Letters: Public education is a total disaster

The Navajo Times letters of Denny Tsosie and Manley A. Begay Jr. (April 13, 2017) were most informative. We can only hope that those in power can appreciate the valid issues harming and sealing the fate of our Diné.

Money will always be an issue with our bureaucrat heavy tribal government. The bottom line is always going to be “if.” Hindsight tells us “if” proper long-term investments had been made, every Diné would be a millionaire.

By the same token many more Diné would have achieved their educational goals “if” we had understood the hazards of boarding schools and public education.

With proper education our Diné would have acquired financial knowledge and there would have been no poverty among our Diné. Suffice it to say, we have a very different reality in our Diné Nation.

Education is still the answer, but it cannot be public education in its present form. It is costly, our children are not learning, and our dropout rate is through the roof.

Some 30 years ago, the Department of Education came into existence when the federal government took control. Since that time every area of education has gone downhill and all indications are that it will continue its downward spiral.
We have gone from having the number one educational system in the world down to 27th in recent ratings.

There was a time when we believed that a good education was all that a person needed to take their place in a civil society. Proper education is no longer available in public schools.
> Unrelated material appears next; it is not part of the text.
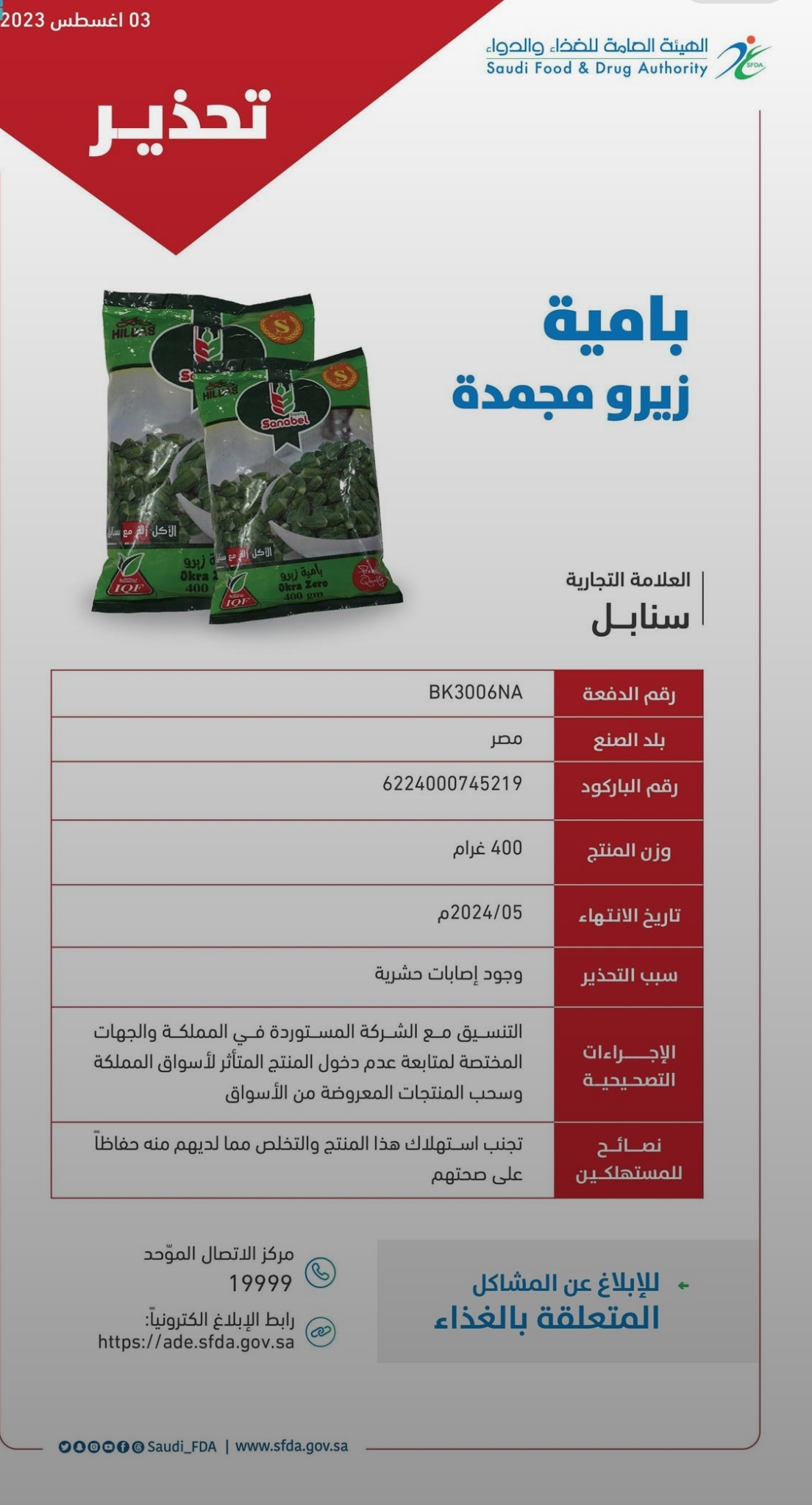 حذّرت الهيئة العامة للغذاء والدواء من استهلاك منتج بامية زيرو المجمدة للعلامة التجارية (سنابل)، الذي يتم إنتاجه في جمهورية مصر العربية، وذلك لوجود إصابات حشرية فيه مما يعد مخالفًا للائحة الفنية “SFDA.FD/GSO 1978” البامية المجمدة.

We are stripped of our history, our civic and geographic studies, and a basic understanding of economics.

Family and moral values are stripped from our children’s educational experience. This gives meaning to President Trump’s words, “education is the civil rights issue of our time.”
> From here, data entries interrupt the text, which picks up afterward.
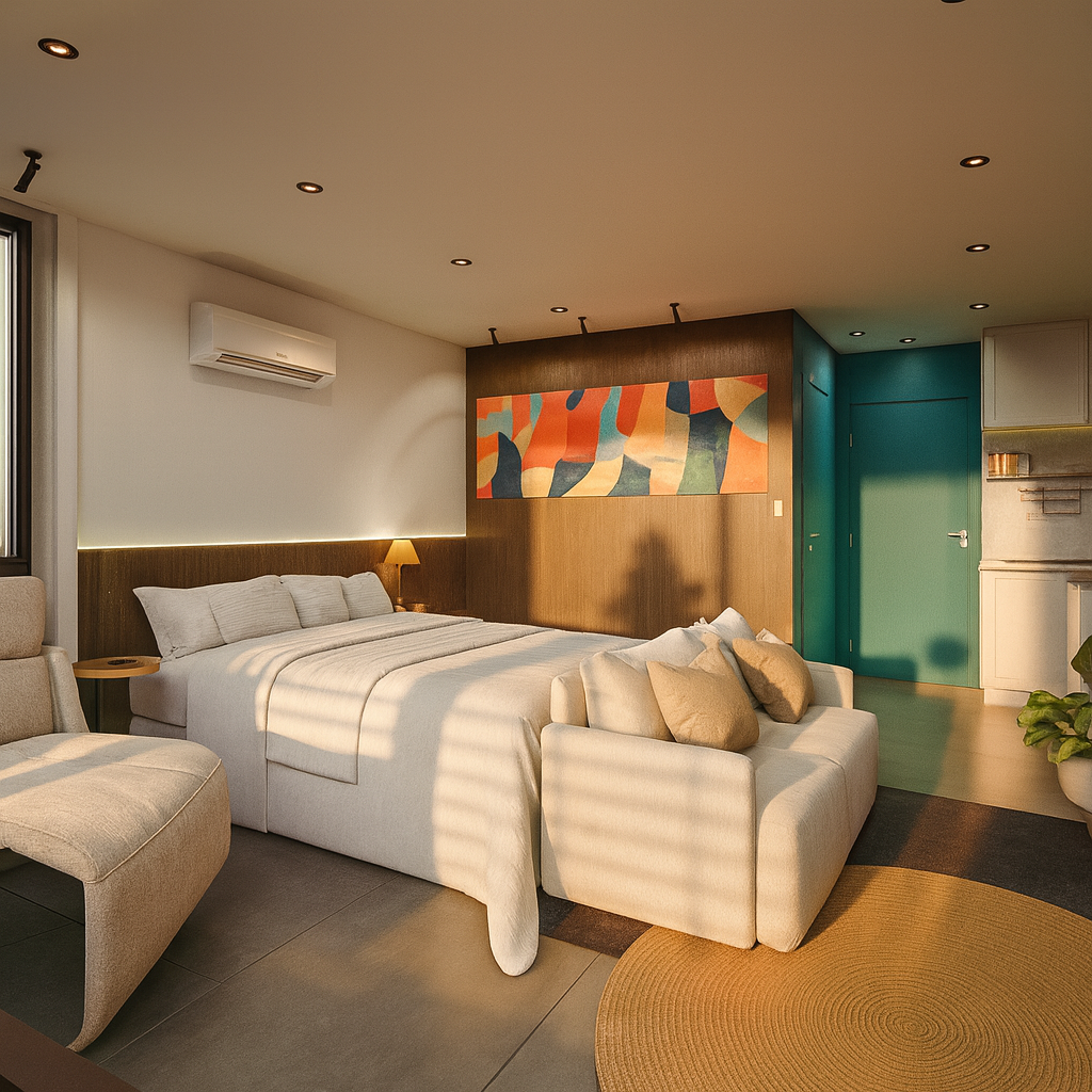 A ambientação transforma o espaço pronto em um lar vivido e acolhedor.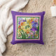 Hübsches, blumengeschmücktes Kissen, gerahmt in Rosa/Grün bemalt, auf einem lila Kissen dunkel.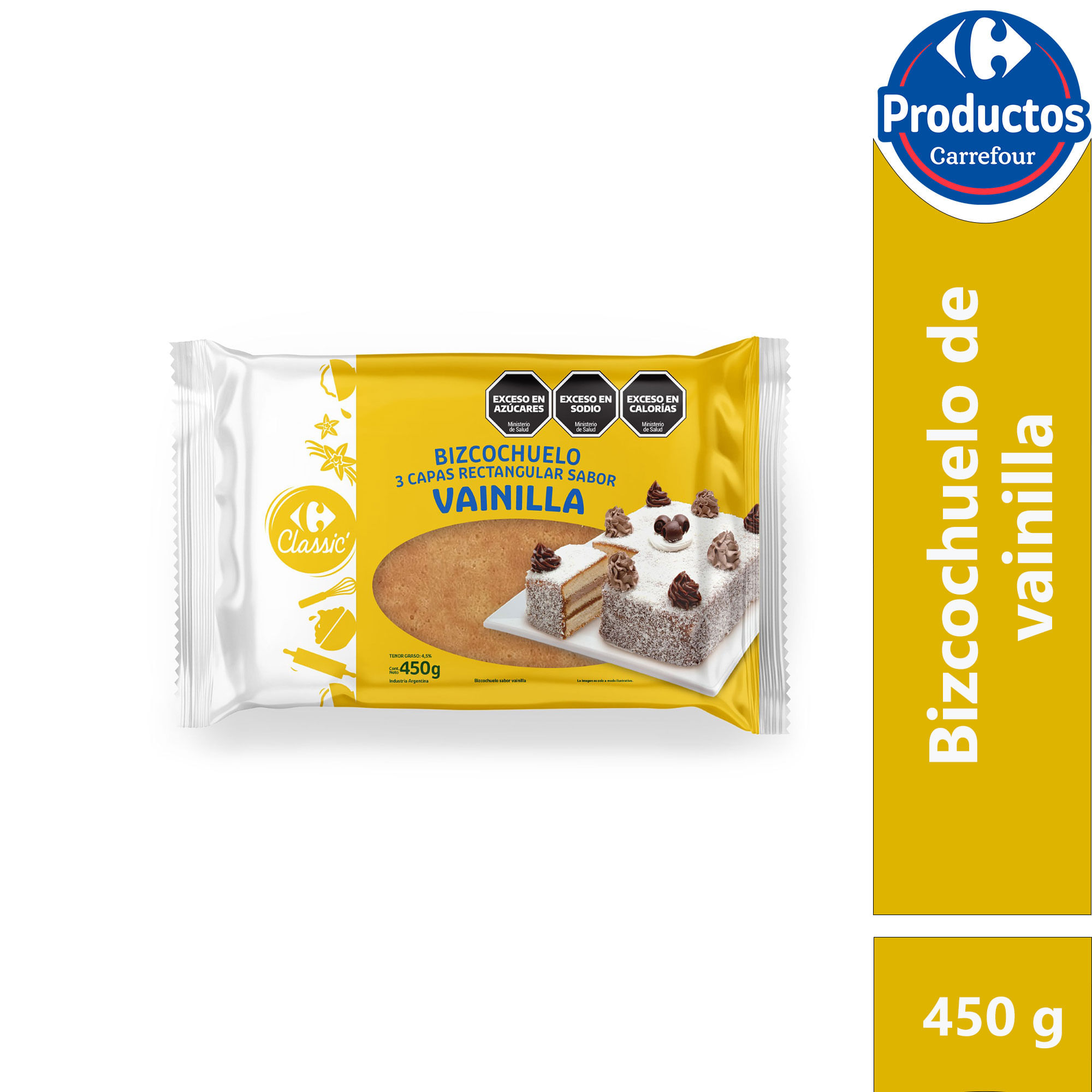 Bizcochuelo Carrefour classic rectangular 3 capas vainilla 450 g.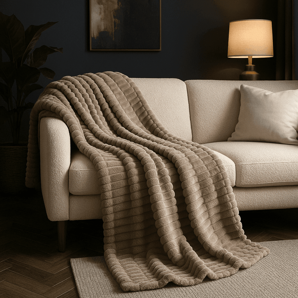 Koc pluszowy w grube prążki beżowy 160x200
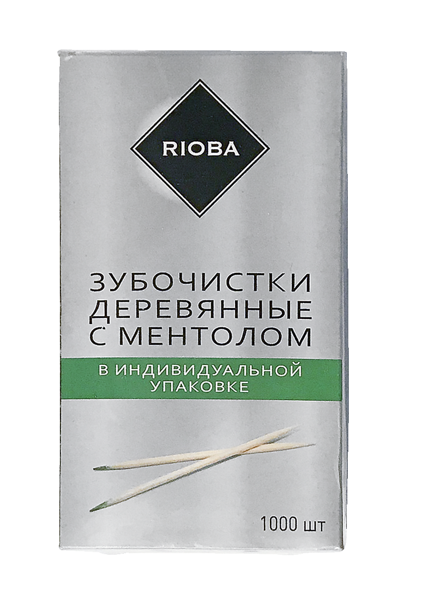 RIOBA Зубочистки деревянные с ментолом в индивидуальной упаковке 1000шт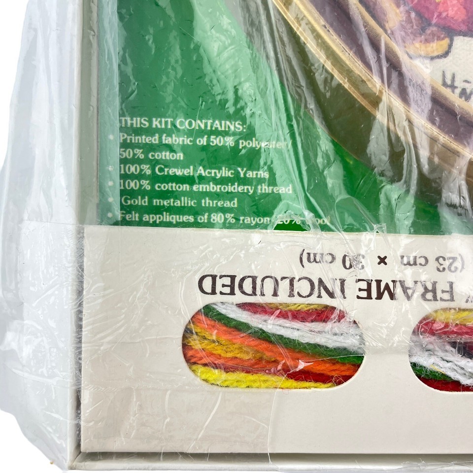 Condition: Listed as pre-owned due package being open at the bottom. Kit has the printed fabric, yarn, frame, instructions, all new. May or may not have the needle.

Public education in its present form is very much a civil rights issue. It is by far the worst violation of constitutional rights of every American citizen.
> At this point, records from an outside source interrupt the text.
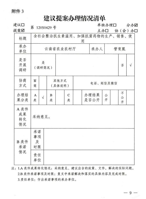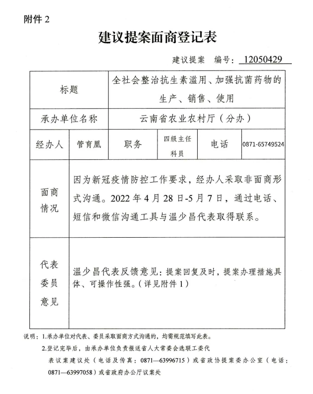 你们提出的关于全社会整治抗生素滥用、加强抗菌药物的生产、销售、使用管理的提案(第12050429号),已交我们研究办理“农业、畜牧兽医部门采取确实可行措施,加强对养殖过程中抗菌药物使用监管”这一部分,现答复如下: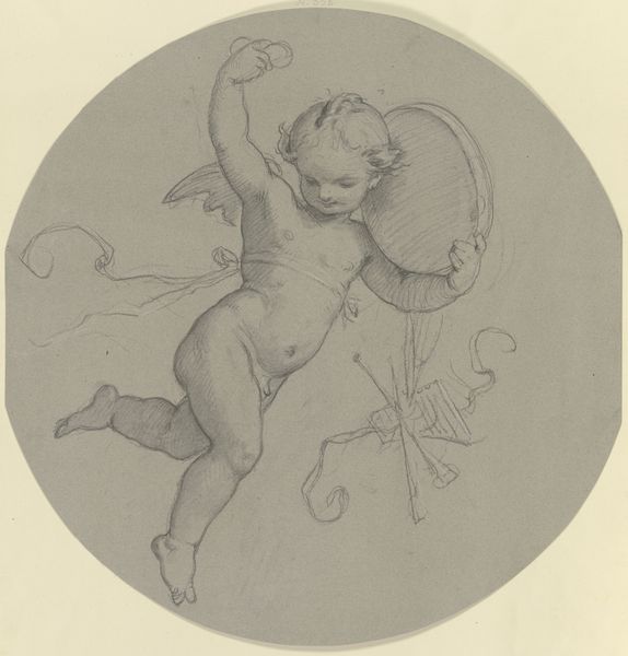 Moritz von Schwind’s drawing, "Schwebender Putto mit Traube und Trinkschale" at the Städel Museum, presents us with a floating putto rendered in delicate pencil strokes. The circular composition encloses the cherubic figure, creating a sense of contained movement and lightness. The formal arrangement invites a semiotic reading. The putto, holding grapes and a chalice, becomes a signifier of abundance and celebration. The grapes, positioned above, draw the eye upward, while the chalice, held firmly in the putto's left hand, suggests a counter-narrative of grounded stability. The artist’s delicate linework, reminiscent of classical friezes, destabilizes traditional associations by placing them in a more playful, accessible context. Through a combination of classical motifs and an informal presentation, Schwind subtly invites us to reconsider established meanings, making this work a site of ongoing interpretative possibilities.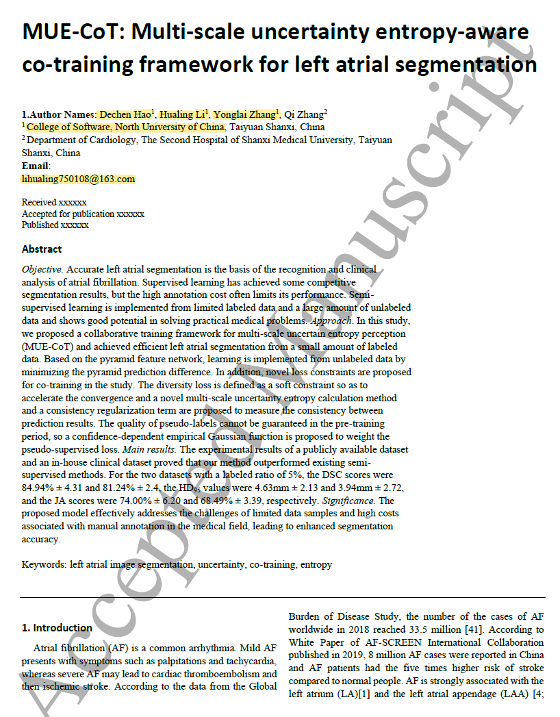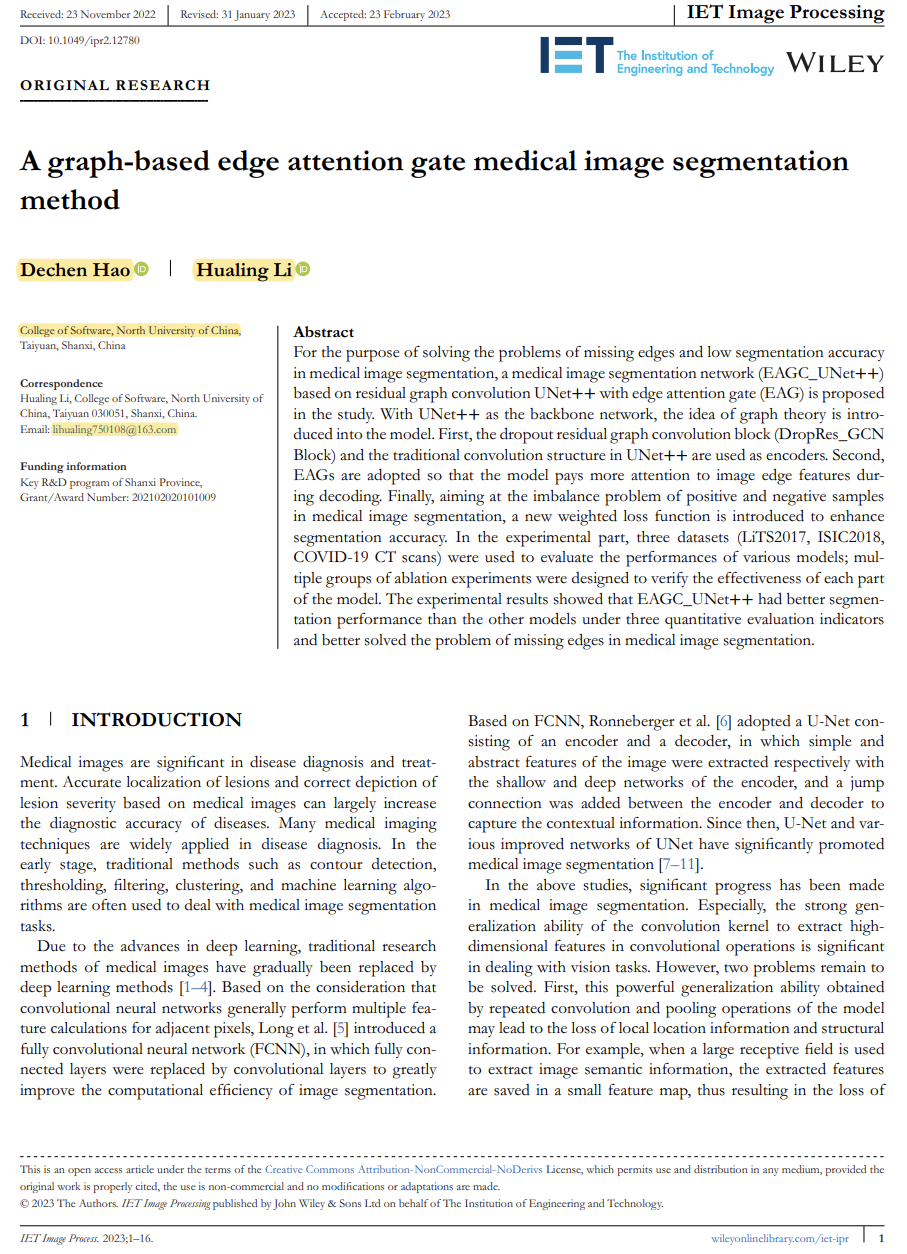 研究生郝德琛所在的李华玲副教授团队,目前正在承担山西省科技厅重大专项,在承担此项目的过程中,与山大一院、山大二院和太原市中心医院进行了非常深入的合作。由研究生郝德琛为第一作者、导师李华玲为通讯作者的论文“A graph-based edge attention gate medical image segmentation method”于2023年3月在《IET IMAGE PROCESSING》期刊发表。该研究成果发表后立即受到了全球学者们的广泛关注,在发表后的三个月内即获得了320次下载,位居该期刊中国作者第一季度发表文章三月内下载量前五,因此荣获2023年第一季度“Wiley中国开放科学高贡献作者”荣誉,这是巨乳白虎

Because it is a government program we are all required to pay for it, even if we don’t need or use it. If we don’t pay the government will confiscate it.

Our children are taken from ages 6 to 16 eight hours or more a day and they do with them whatever they wish. If we object or refuse to cooperate in this madness we are subject to jail time or losing our children to the government.
Meanwhile the elite in Washington send their children to private schools for the best education money can buy. The only reasonable alternative available to us commoners is the charter schools, school vouchers, or home schools and online educational programs.

If we want better schools and better education for our children it will literally take an act of Congress and that will not happen until more citizens understand that public education is a total disaster.

There are many good teachers who have the heart of true educators and they will never get paid enough while the bureaucrats at the top live high on the hog.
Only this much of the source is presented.